• WHAT THE TASK REQUIRES:
Please restate the records that follow word for word, omitting any images.

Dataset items
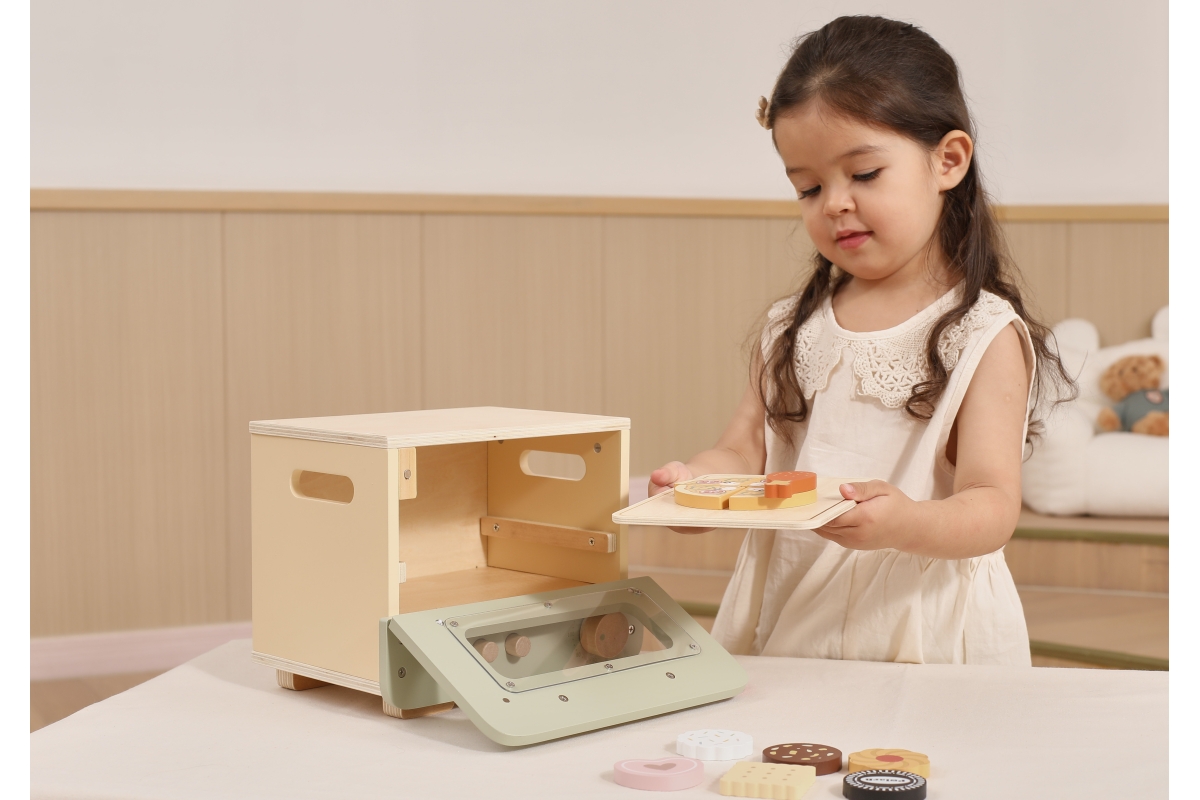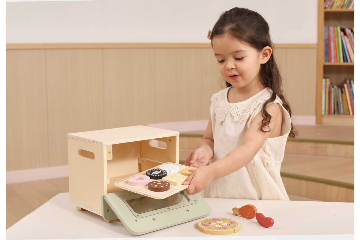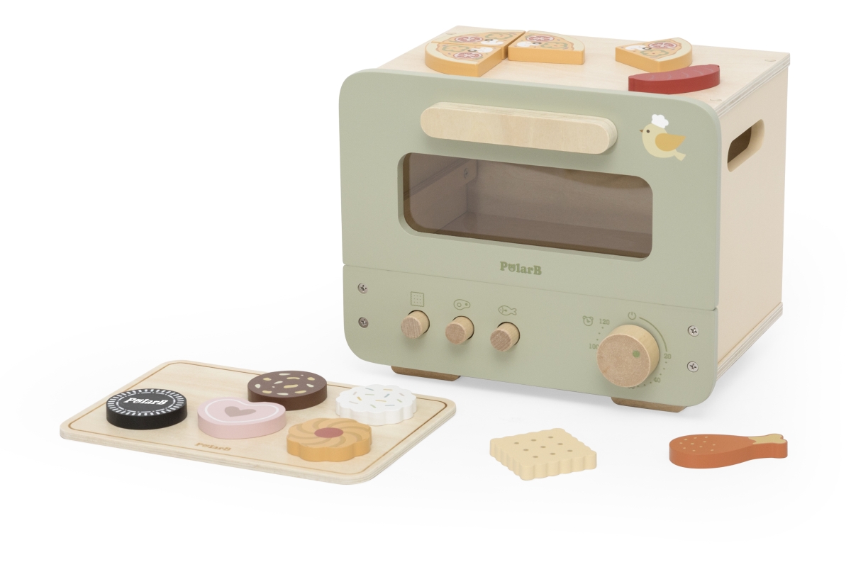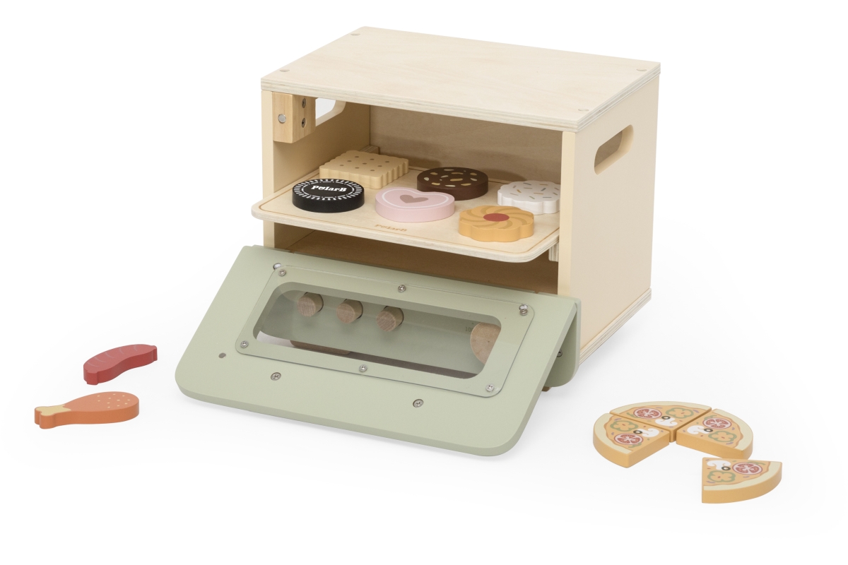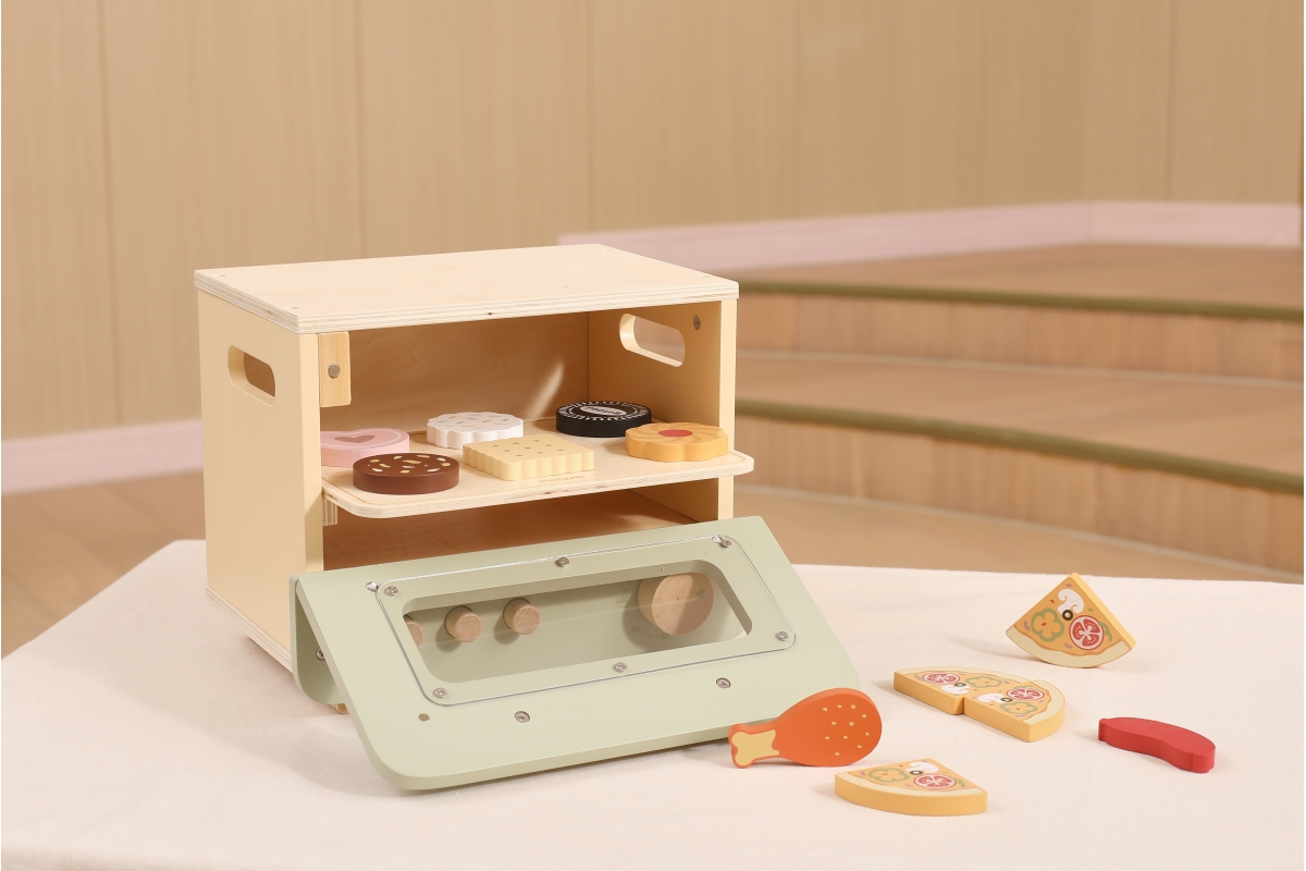 Dřevěná trouba s potravinami. Balení obsahuje troubu o rozměrech 25x18,6x20,7 cm, oplatky, pizzu, párek a kuřecí paličku. Baleno v krabici. Rozměry ba..
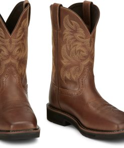 Its rugged golden brown leather exterior is garnished by a light yellow stitch pattern along the upper giving this boot a lived-in feel. The square composition toe vamp provides protection without weighing the foot down. This boot also features the J-Flex Flexible Comfort System® insole that cushions and supports the foot and the Stampede™ dual density rubber outsole with resistance to abrasion, chips, slipping, and marking which allows you to comfortably work on any surface and meets ASTM F2413-11, I75, C75 EH safety footwear standards.
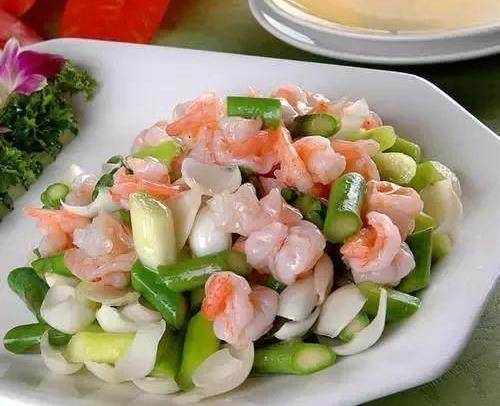 做法:1、蝦仁去黑線,一分為二,蘆筍去表皮洗凈後切小段,大蒜切片;
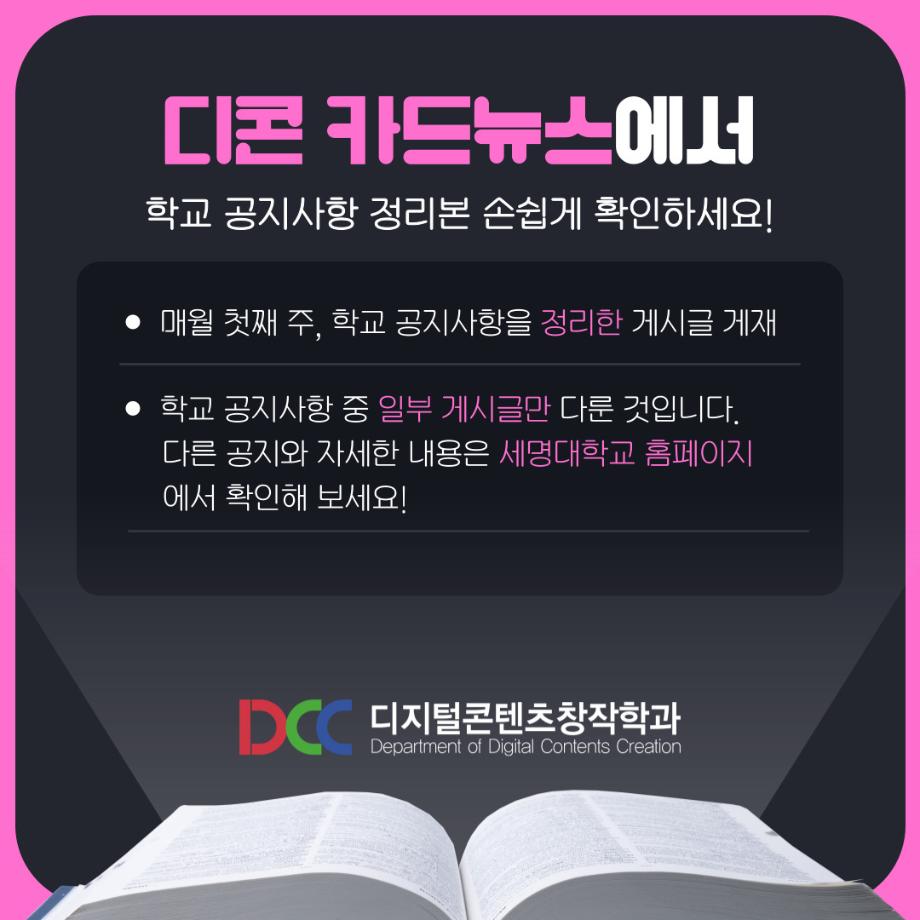 본문 시작 홈으로 MCC News 학과소개 교수소개 학과과정 MCC News MCC SNS 홈페이지가이드 학과 및 재학생 학과 및 재학생 교수 및 졸업생 미디어 정보통 학과 및 재학생 페이스북 트위터 프린트 세명대학교 홈페이지 공지사항 정리 디지털콘텐츠창작학과 3393 2023-07-07 매번 홈페이지 들어가기 귀찮은 분들을 위해 세명대학교 공지사항 요약본을 준비했습니다! 유익한 정보 얻어가시기 바랍니다! *공지사항 중 일부 게시글만 다룬 것입니다. 다른 공지사항이나 자세한 내용은 학교 홈페이지에서 확인 바랍니다 목록 이전🏫 강의실 Before & After 🏫 다음 🍭 오늘의 디콘 17탄 🍭 담당부서 : 미디어콘텐츠창작학과 담당자 : - 연락처 : 043-649-1741 최종수정일 : 2024-10-26 만족도조사 만족도 조사 이 페이지에서 제공하는 정보에 대하여 만족하시나요? 매우만족 만족 보통 불만족 매우불만족
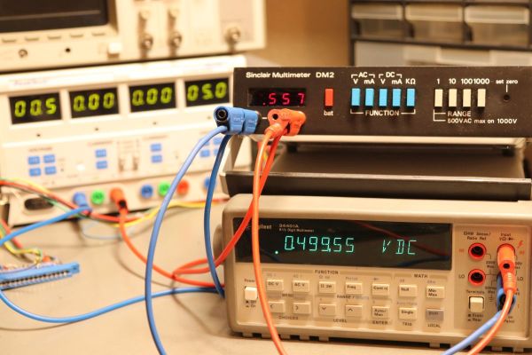 {Sinclair DM2} Als Sir Clives Firma noch "Sinclair Radionics" hieß, da brachte dieser geniale Tüftler auch andere Dinge auf den Massenmarkt als Homecomputer: Minifernseher, Armbanduhrenbausätze und dieses hübsche Multimeter DM2. Der Sinclair Schriftzug war hingegen schon eindeutig... Auf der Rückseite des erstaunlich stabilen Aluminiumgehäuses befindet sich nur der Anschluss für die Stromversorgung. Das Gerät kann mit Batterien oder mit Akkus versorgt werden - meines ist mit üppigen Nachrüstakkus ausgestattet. Für meine Erfahrungen mit Sinclair völlig untypisch: extrem stabile Metallkonstruktionen, satt rastende Knöpfe und absolut saubere Verarbeitung. Wahrscheinlich hat diese Qualität den Gewinn aufgefressen und so wurden die Nachfolgeprodukte deutlich optimiert - auf billig... Die Bodenwanne aus solidem Stahlblech. Darunter verbirgt sich eine Pertinaxplatine mit allerlei Elektronik. Das Herz des Multimeters ist der AY-5-3507 - ein All-In-One Dual Slope Wandler. Der wandelt eine analoge Spannung in digitale Werte, indem er einen Integrator mit der zu messenden Spannung über einen festen Zeitraum aufintegrieren lässt und diesen dann mit einer festen Referenzspannung bis zu 0V wieder herunterintegriert. Kombiniert man das trickreich mit einem Zähler, dann steht in diesem zum Schluss der zwei Rampen (deswegen "dual slope") der Spannungswert im "Klartext". Der AY-5-3507 bringt die komplette Steuerelektronik, die Zähler und die Siebensegment Treiber und Multiplexer mit, den Integrator liefert ein 3900. Die Widerstände des Eingangsspannungsteilers mit 0,1% Genauigkeit - das war gar nicht so billig... Auf der linken Seite befindet sich das modifizierte Akkupack... Die "Radio-Buttons" zur Bereichswahl sind auch von erstaunlich guter Qualität. Alles in Allem ein erstaunlich hochwertiges Gerät für Sinclair'sche Verhältnisse... Nur die Kalibrierung ist nicht mehr wirklich genau... Nicht schlecht, wenn man doch das eine oder andere Markengerät zum Vergleich zur Hand hat... In der "Everyday Electronics" wurde das Multimeter 1975 angepriesen... Umfangreich, tragbar, genau (na ja...) und echt stabil. Welcher Kaufkraft entsprachen 59 Pfund eigentlich 1975? |

• SOLVED PROBLEM:
 Dřevěná trouba s potravinami. Balení obsahuje troubu o rozměrech 25x18,6x20,7 cm, oplatky, pizzu, párek a kuřecí paličku. Baleno v krabici. Rozměry ba..
 Its rugged golden brown leather exterior is garnished by a light yellow stitch pattern along the upper giving this boot a lived-in feel. The square composition toe vamp provides protection without weighing the foot down. This boot also features the J-Flex Flexible Comfort System® insole that cushions and supports the foot and the Stampede™ dual density rubber outsole with resistance to abrasion, chips, slipping, and marking which allows you to comfortably work on any surface and meets ASTM F2413-11, I75, C75 EH safety footwear standards.
 做法:1、蝦仁去黑線,一分為二,蘆筍去表皮洗凈後切小段,大蒜切片;
 본문 시작 홈으로 MCC News 학과소개 교수소개 학과과정 MCC News MCC SNS 홈페이지가이드 학과 및 재학생 학과 및 재학생 교수 및 졸업생 미디어 정보통 학과 및 재학생 페이스북 트위터 프린트 세명대학교 홈페이지 공지사항 정리 디지털콘텐츠창작학과 3393 2023-07-07 매번 홈페이지 들어가기 귀찮은 분들을 위해 세명대학교 공지사항 요약본을 준비했습니다! 유익한 정보 얻어가시기 바랍니다! *공지사항 중 일부 게시글만 다룬 것입니다. 다른 공지사항이나 자세한 내용은 학교 홈페이지에서 확인 바랍니다 목록 이전🏫 강의실 Before & After 🏫 다음 🍭 오늘의 디콘 17탄 🍭 담당부서 : 미디어콘텐츠창작학과 담당자 : - 연락처 : 043-649-1741 최종수정일 : 2024-10-26 만족도조사 만족도 조사 이 페이지에서 제공하는 정보에 대하여 만족하시나요? 매우만족 만족 보통 불만족 매우불만족
 {Sinclair DM2} Als Sir Clives Firma noch "Sinclair Radionics" hieß, da brachte dieser geniale Tüftler auch andere Dinge auf den Massenmarkt als Homecomputer: Minifernseher, Armbanduhrenbausätze und dieses hübsche Multimeter DM2. Der Sinclair Schriftzug war hingegen schon eindeutig... Auf der Rückseite des erstaunlich stabilen Aluminiumgehäuses befindet sich nur der Anschluss für die Stromversorgung. Das Gerät kann mit Batterien oder mit Akkus versorgt werden - meines ist mit üppigen Nachrüstakkus ausgestattet. Für meine Erfahrungen mit Sinclair völlig untypisch: extrem stabile Metallkonstruktionen, satt rastende Knöpfe und absolut saubere Verarbeitung. Wahrscheinlich hat diese Qualität den Gewinn aufgefressen und so wurden die Nachfolgeprodukte deutlich optimiert - auf billig... Die Bodenwanne aus solidem Stahlblech. Darunter verbirgt sich eine Pertinaxplatine mit allerlei Elektronik. Das Herz des Multimeters ist der AY-5-3507 - ein All-In-One Dual Slope Wandler. Der wandelt eine analoge Spannung in digitale Werte, indem er einen Integrator mit der zu messenden Spannung über einen festen Zeitraum aufintegrieren lässt und diesen dann mit einer festen Referenzspannung bis zu 0V wieder herunterintegriert. Kombiniert man das trickreich mit einem Zähler, dann steht in diesem zum Schluss der zwei Rampen (deswegen "dual slope") der Spannungswert im "Klartext". Der AY-5-3507 bringt die komplette Steuerelektronik, die Zähler und die Siebensegment Treiber und Multiplexer mit, den Integrator liefert ein 3900. Die Widerstände des Eingangsspannungsteilers mit 0,1% Genauigkeit - das war gar nicht so billig... Auf der linken Seite befindet sich das modifizierte Akkupack... Die "Radio-Buttons" zur Bereichswahl sind auch von erstaunlich guter Qualität. Alles in Allem ein erstaunlich hochwertiges Gerät für Sinclair'sche Verhältnisse... Nur die Kalibrierung ist nicht mehr wirklich genau... Nicht schlecht, wenn man doch das eine oder andere Markengerät zum Vergleich zur Hand hat... In der "Everyday Electronics" wurde das Multimeter 1975 angepriesen... Umfangreich, tragbar, genau (na ja...) und echt stabil. Welcher Kaufkraft entsprachen 59 Pfund eigentlich 1975? |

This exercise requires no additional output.